— Простите меня, — сказала я.
И почувствовала, что и эти слова не к месту. Здесь не тот берег и не этот. Здесь просто небытие.
Я повернулась и пошла прочь.
Глава 6
Принцесса Мораг
На рынке в городе я купила два шерстяных одеяла, суконный плащ цвета еловой хвои, клетчатую шаль в два оттенка серого, мягкие сапожки, на размер больше чем мне требовалось и благоухающий сандаловый гребешок. Еще я купила зеркало — такое, как мне хотелось. Хрустальную пластину, запаянную в серебряную рамку, с решетчатой ручкой, украшенную кораллами и бирюзой. Одно это зеркало стоило в три раза дороже всех остальных моих покупок вместе взятых, включая комнату и обед в трактире "Королевское колесо".
Теперь же, сидя на постели в запертой комнате, я смотрелась в зеркало. Искала в отраженном лице следы того, что так пугало беднягу Кайна, но ничего подозрительного и беспокоящего не углядела. Лицо как лицо, обычное простоватое лицо амалерской девушки. Вот только кожа не тронута даже тенью загара — это в конце лета! И веснушки как-то выцвели, стерлись, словно от многочисленных стирок. И губы побледнели — я помнила точно, что рот у меня был яркий, большой, Каланда все надо мной посмеивалась — а теперь губы сделались совсем бескровными. Словом, бледная моль смотрела на меня из зеркала. Выполосканная в воде и вылинявшая до полной прозрачности.

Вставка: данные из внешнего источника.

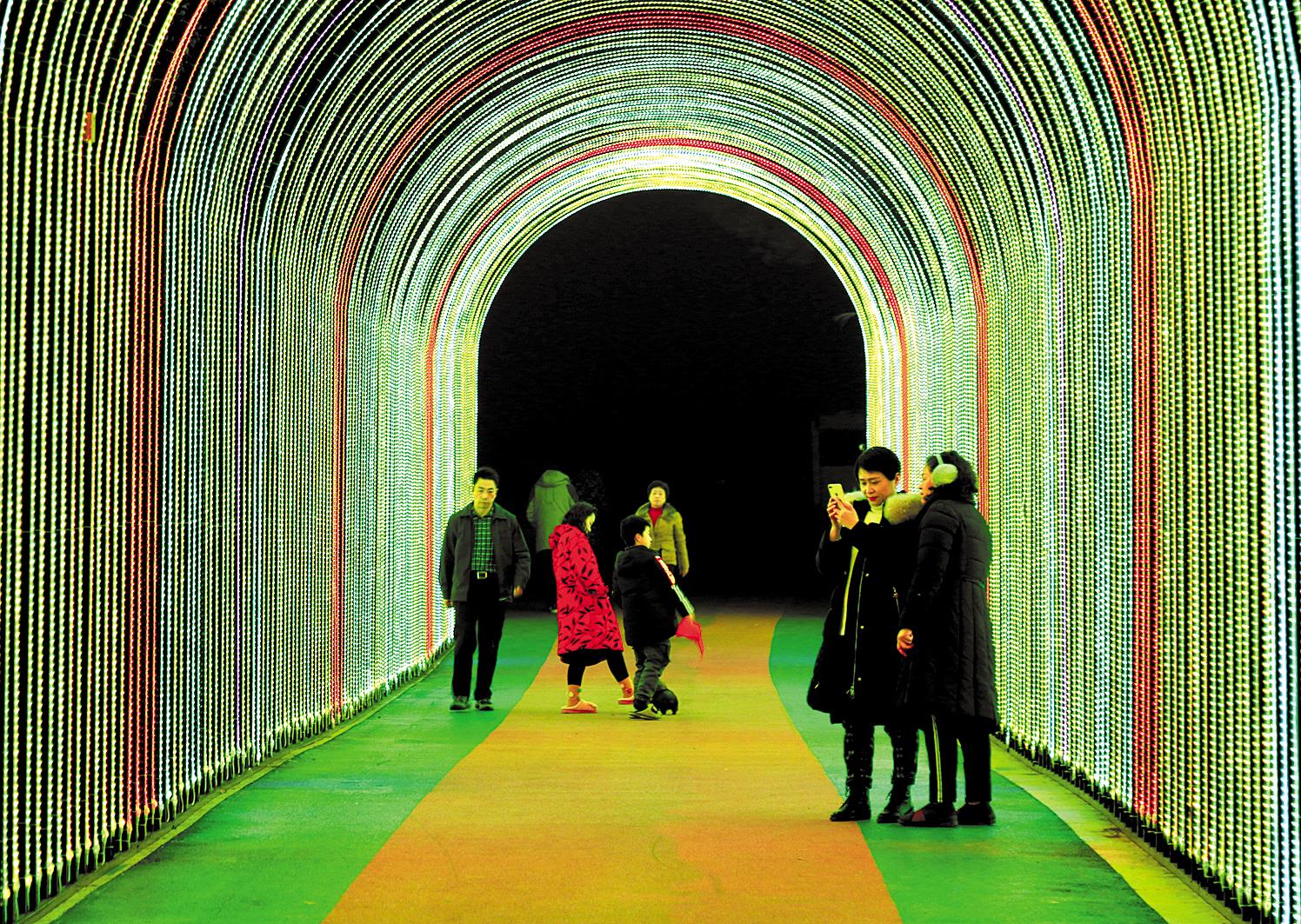 1月14日晚,市民和游客在恩施市凤凰山森林公园体验“时光隧道”。凤凰山森林公园50米长的“时光隧道”,各种色调的灯光交替闪烁,宛如星光密织,璀璨夺目,吸引了众多市民、游客前来体验打卡,领略流光溢彩的生态园林夜色之美。(视界网 谭华 摄)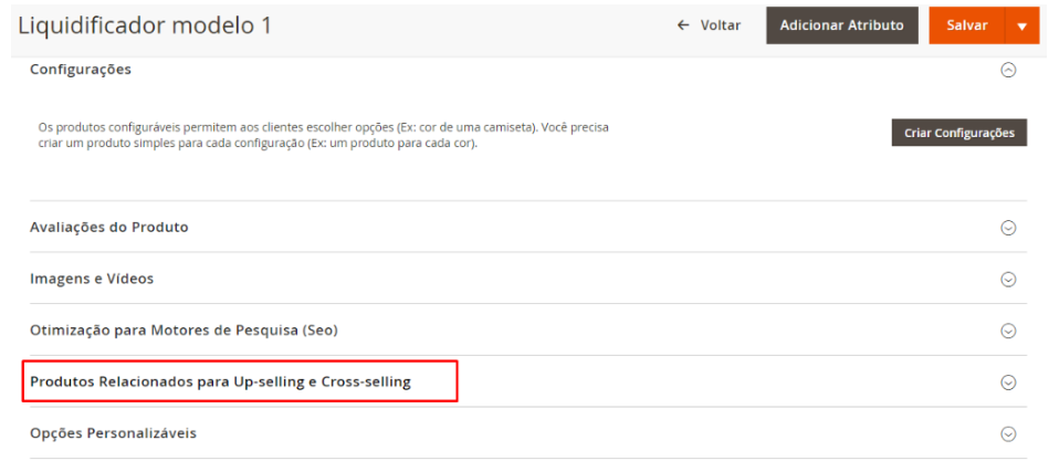 Rolar a página para baixo e selecionar o item: Produtos Relacionados para Up-selling e Cross-selling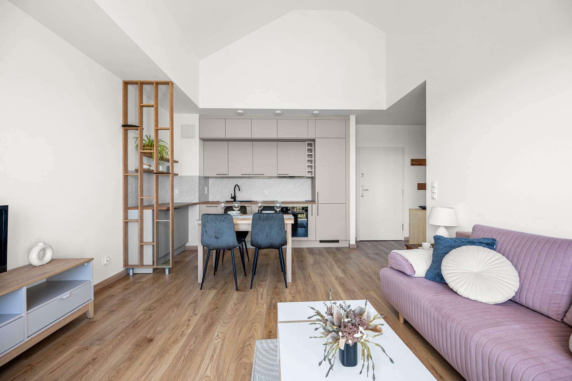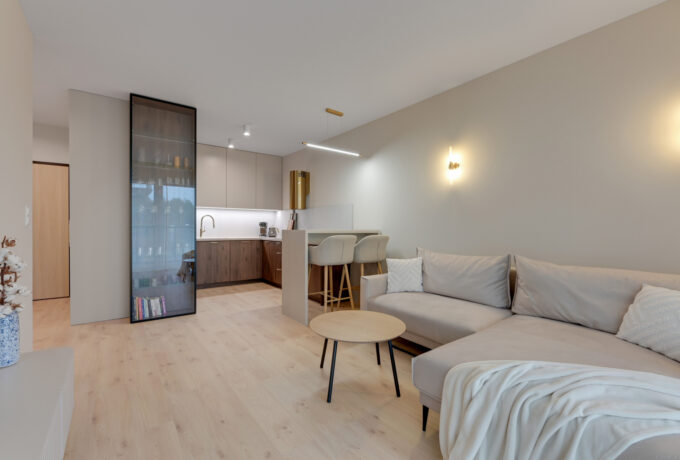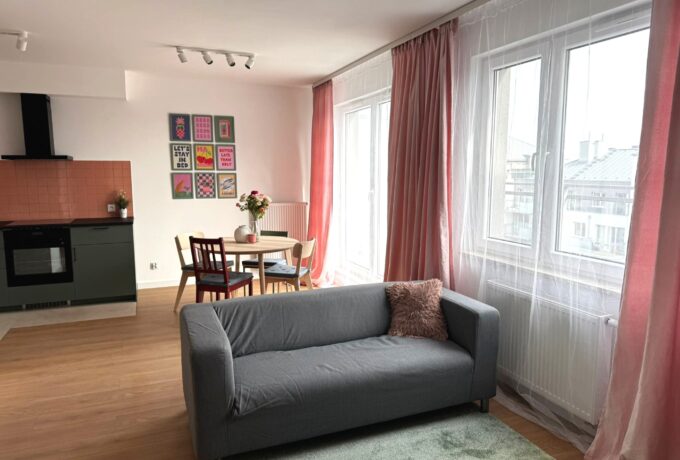 Mieszkanie zostało wykończone i urządzone w jasnych, stonowanych kolorach, co nadaje wnętrzu przytulny i nowoczesny charakter. Dodatkowym atutem strefy dziennej jest ponadstandardowa wysokość pomieszczenia, która daje poczucie większej przestrzeni. Aneks kuchenny wyposażono w niezbędny sprzęt AGD, a całe mieszkanie jest w pełni umeblowane i gotowe do zamieszkania.

Гадость какая. Может, купить румян и сурьмы и накрасится как те девочки что сидят внизу, в трактирном зале?
Далеко, в Бронзовом замке на скале, ударили колокола. Звон поплыл волнами, сверху вниз, перекатываясь через крыши. Пошла четвертая четверть.
Я отложила зеркало. Поднялась с кровати и вышла, заперев дверь на ключ. Комнату я взяла на полных двое суток, и собиралась эту ночь провести в постели как все нормальные люди. Я ведь не обязана торчать в гроте день и ночь, правда? А мантикор не подохнет, если я один вечер его не навещу.
Внизу, в зале, ко мне привязались какие-то подвыпившие парни. Их ничуть не смущало что я бледная моль, видимо, после третьей-четвертой кружки любое существо в юбке становилось для них прекрасным и желанным. Меня ухватили за рукав и попытались усадить за залитый вином стол. За столом, в обнимку с парнями уже сидела пара раскрашенных красавиц.
— А ну пусти! — рявкнула я и ударила по руке какого-то кудрявого верзилу.
— Ыг-ыкк! — обрадовался он.
Красавицы захихикали. Верзила ляпнул меня пятерней по груди, я рванулась и врезалась спиной в его соседа. Кружка соседа грянулась мне на платье, заливая белоснежный подол пенистой жидкостью цвета венозной крови с резким уксусным запахом. Компания захохотала, а кудрявый уцепил меня за пояс и потащил к себе.
— Ки-иска... ик! Не шали!
— Пшел вон, урод!
— Уро-о-од? Да я тебя...
Обеими руками я перехватила летящую мне в лицо ладонь.
— Стой! — я жутко вытаращила глаза на его раскрытую руку. — Вижу, вижу! Опасность! Ярый огонь пересекает твою линию жизни! Сегодня вечером тебя встретит пламя! Спасайся или не доживешь до ночи!
— Что? — опешил верзила.
Пользуясь моментом, я отскочила. Компания пораскрывала рты.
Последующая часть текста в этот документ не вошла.